Description of the task – Only one span is wanted from the lines below: from the one with "KOCAELİ KENT KONSEYİ" up to and including the one with "Il pulsante sul". Copy it exactly, without images.
Data extracts below:
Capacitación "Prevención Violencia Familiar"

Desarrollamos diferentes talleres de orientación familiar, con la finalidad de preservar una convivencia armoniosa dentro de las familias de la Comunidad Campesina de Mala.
End of Data extracts.
Data extracts below:
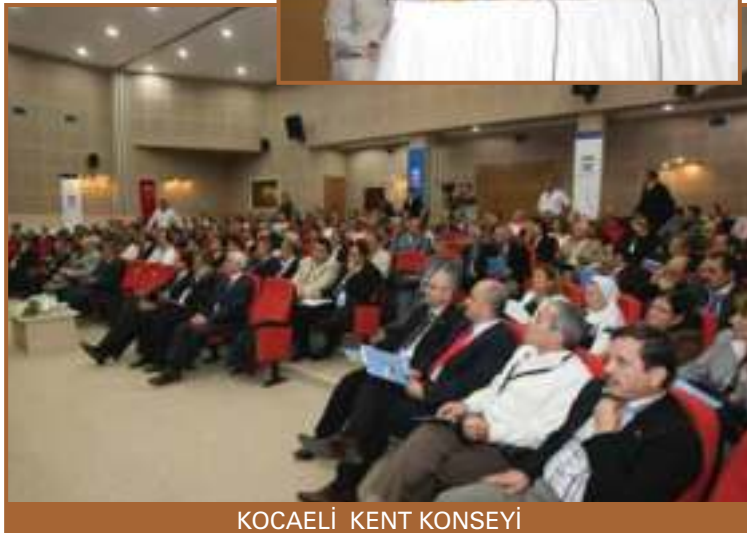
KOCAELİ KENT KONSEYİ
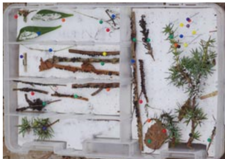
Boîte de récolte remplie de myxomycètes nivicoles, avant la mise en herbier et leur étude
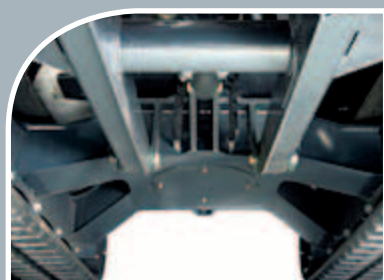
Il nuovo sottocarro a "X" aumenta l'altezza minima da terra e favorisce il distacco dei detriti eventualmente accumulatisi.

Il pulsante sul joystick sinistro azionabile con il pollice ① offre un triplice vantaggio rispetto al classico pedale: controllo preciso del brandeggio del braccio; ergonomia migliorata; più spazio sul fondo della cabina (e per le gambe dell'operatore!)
End of Data extracts.
Solution to this problem –
KOCAELİ KENT KONSEYİ
Boîte de récolte remplie de myxomycètes nivicoles, avant la mise en herbier et leur étude
Il nuovo sottocarro a "X" aumenta l'altezza minima da terra e favorisce il distacco dei detriti eventualmente accumulatisi.

Il pulsante sul joystick sinistro azionabile con il pollice ① offre un triplice vantaggio rispetto al classico pedale: controllo preciso del brandeggio del braccio; ergonomia migliorata; più spazio sul fondo della cabina (e per le gambe dell'operatore!)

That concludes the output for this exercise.